I have read that passing one of these solve the issue:
spark.conf.set("spark.sql.legacy.timeParserPolicy", "LEGACY")
or
spark.sql("set spark.sql.legacy.timeParserPolicy=LEGACY")
and that happens when running it in the notebook, but when passing it to pyspark script and running it as step it keeps failing.
I have tried to pass it as part of the configuration when creating the cluster in the optional_node_config block like this:
def create_emr_sedona_cluster(json_cluster_config, json_build_config, session, use_spot_instances=False,
step_concurrency_level=1):
current_date = datetime.now()
formatted_date = current_date.strftime("%Y%m%d")
cluster_name = json_cluster_config[0]['clustername']

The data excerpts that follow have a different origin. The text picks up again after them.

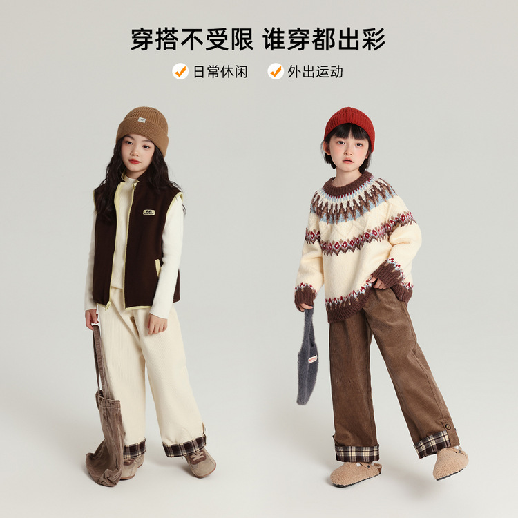 乔伊思童装女童裤子秋冬2025款儿童灯芯绒长复古风裤格纹拼接休闲
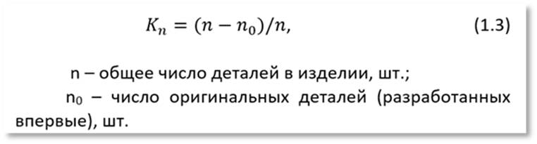 Основные положения» (Стандарт СССР) установлены основные этапы проведения работ по унификации. Под уровнем унификации изделий понимается насыщенность их унифицированными составными элементами: деталями, узлами, агрегатами, модулями. Уровень унификации определяется рядом показателей, таких как: коэффициент применяемости, коэффициент повторяемости, коэффициент межвидовой унификации, коэффициент унификации группы изделий. Основным является коэффициент применяемости, который вычисляют по формуле:
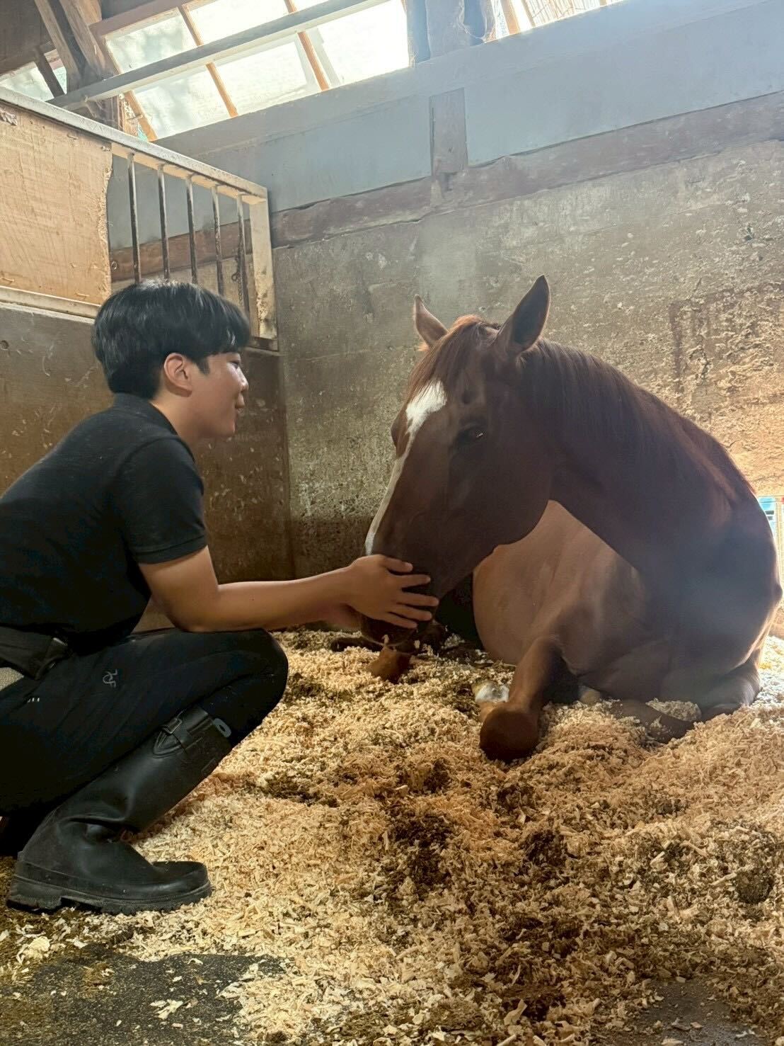 昨夜(11月10日)、桜吹雪(サトノダンディ)が腸破裂の疑いで予後不良となったため、ご報告いたします。2025年4月16日に入厩して以来、障害の練習馬として部に多大なる貢献をしてくれました。穏やかで可愛らしい性格から、部内外問わずとても人気で日々の癒しでした。非常に短い期間となってしまいましたが、桜吹雪への感謝を忘れず、部員一同今いる馬たちをより一層大切にしてまいります。
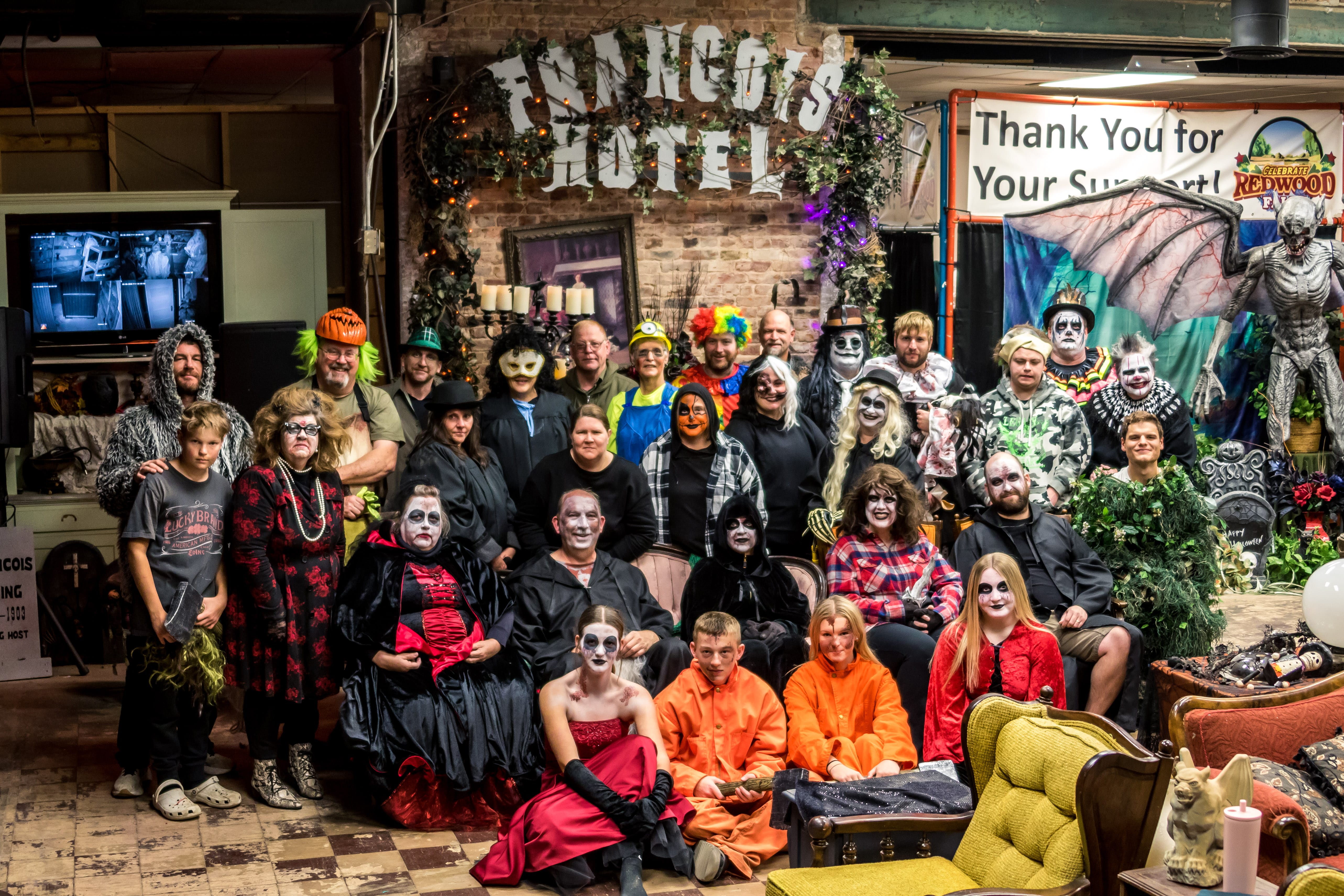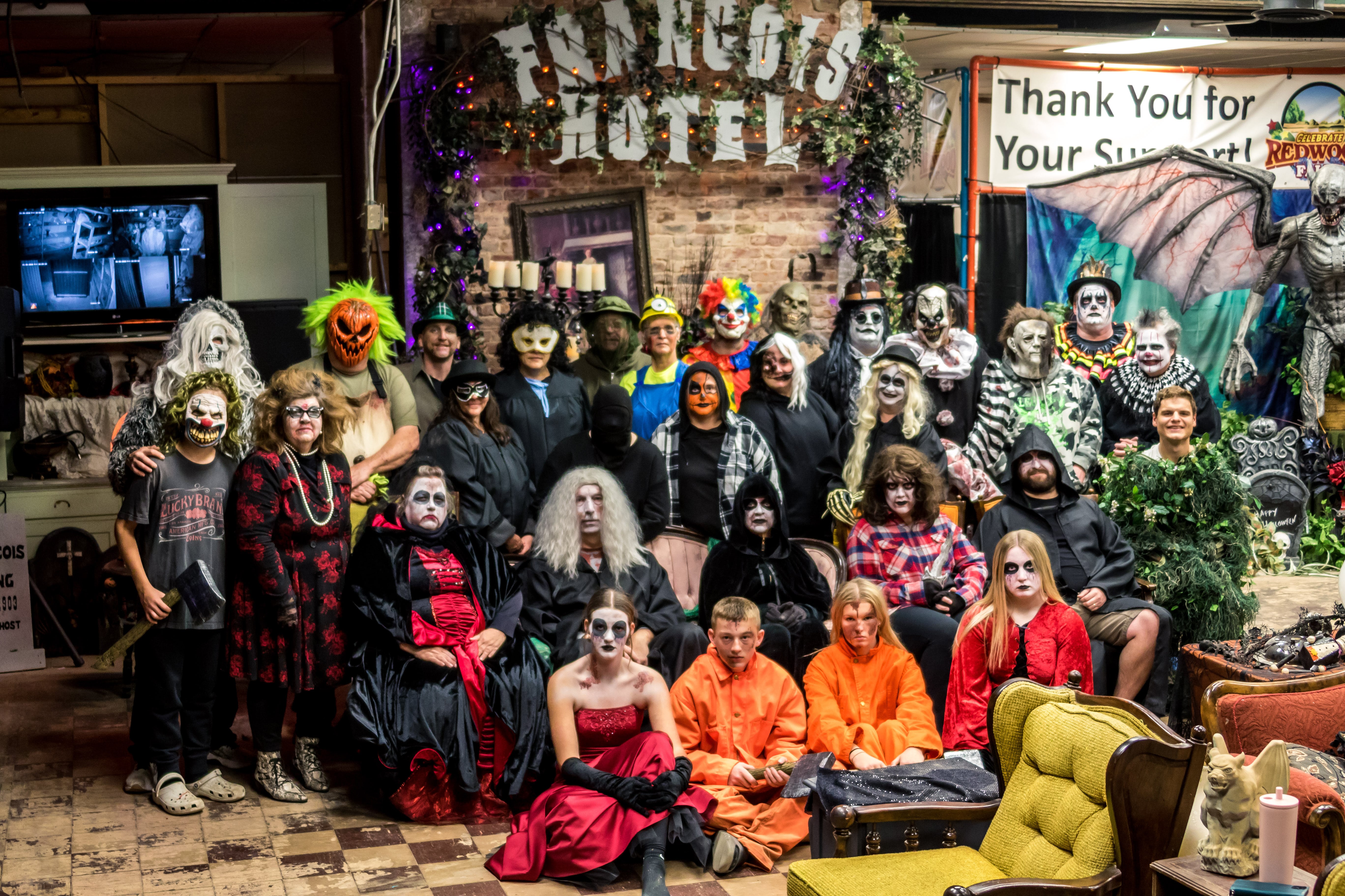 Nearly 40 volunteers every night (not all are in the photo)--that's a LOT of monsters, bellhops, ticket sellers, makeup artists, and storytellers. Would you like to get involved? Come to orientation tomorrow (Wed 10/22) at 6pm and see how much fun it can be! If you can't make orientation, we can get you up to speed on event night, just let us know! https://www.signupgenius.com/go/508084BADAE28A1FA7-59687346-francois Thanks to all of our past volunteers who give our guests a great experience! The Francois Haunted Hotel 2 weekends: Fri/Sat Oct 24 & 25 and Fri/Sat Oct 31 & Nov 1 all nights 7-9pm
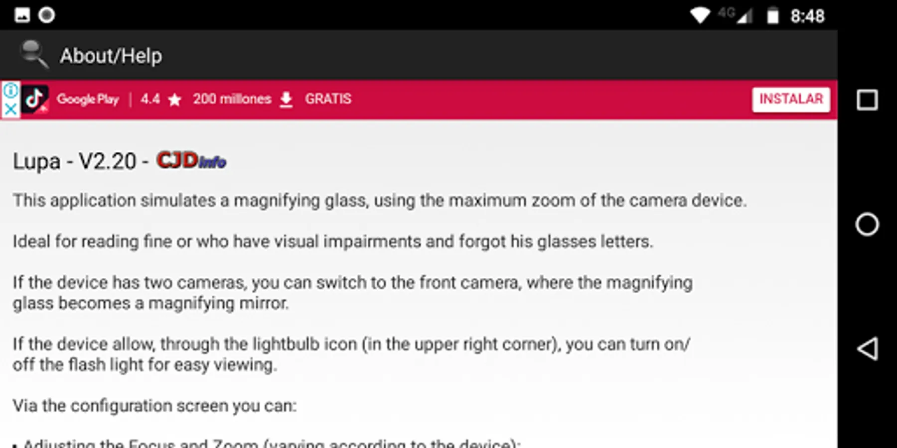 This application simulates a magnifying glass, using the maximum zoom of the camera device.
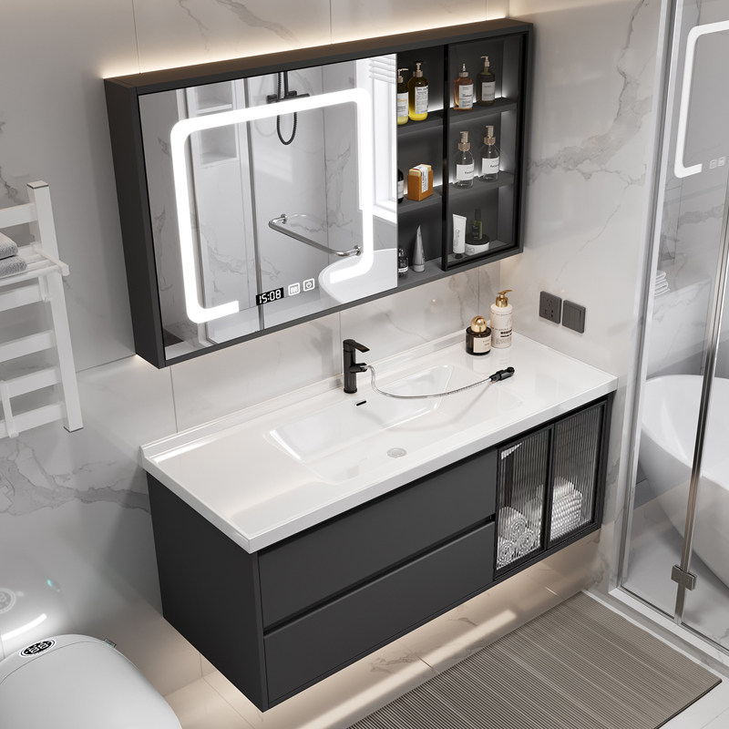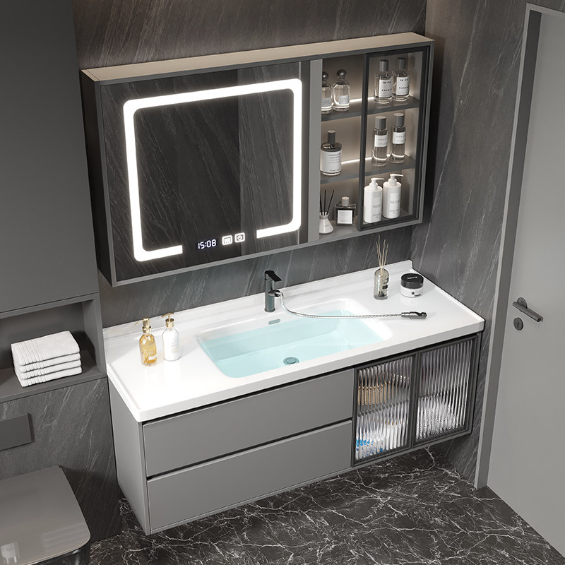 太空铝合金浴室柜陶瓷一体洗手盆柜组合现代简约卫生间洗漱台加厚

build = json_build_config[0]['build']
loguri = json_cluster_config[0]['loguri'] + "/" + build
build_cluster_name = build + cluster_name + formatted_date
emr_client = session.client('emr')
print("json_config: ", json_cluster_config)
instance_market = 'SPOT' if use_spot_instances else 'ON_DEMAND'
bootstrap_path = json_cluster_config[0]['bootstrapfilelocation']
bootstrap_actions = [
]
ebs_configuration = { }
optional_node_config = [
{
"Classification": "spark-defaults",
"Properties": {
"spark.yarn.dist.jars": "/usr/lib/spark/jars/sedona-spark-shaded-3.3_2.12-1.7.1.jar,/usr/lib/spark/jars/geotools-wrapper-1.7.1-28.5.jar",
"spark.serializer": "org.apache.spark.serializer.KryoSerializer",
"spark.kryo.registrator": "org.apache.sedona.core.serde.SedonaKryoRegistrator",
"spark.sql.extensions": "org.apache.sedona.viz.sql.SedonaVizExtensions,org.apache.sedona.sql.SedonaSqlExtensions",
"spark.dynamicAllocation.enabled": "true",
"spark.dynamicAllocation.minExecutors": "2",
"spark.dynamicAllocation.maxExecutors": "10",
"spark.executor.memory": "8g",
"spark.executor.cores": "4",
"spark.executor.memoryOverhead": "1024",
"spark.driver.memory": "8g",
"spark.sql.shuffle.partitions": "200",
"spark.default.parallelism": "200",
"spark.kryoserializer.buffer.max": "512m",
"spark.sql.autoBroadcastJoinThreshold": "-1",
"spark.network.timeout": "300s",
"spark.executor.heartbeatInterval": "60s",
"spark.sql.legacy.timeParserPolicy": "LEGACY"
}
}
]
core_instance_count = json_cluster_config[0].get('coreinstancecount', 2)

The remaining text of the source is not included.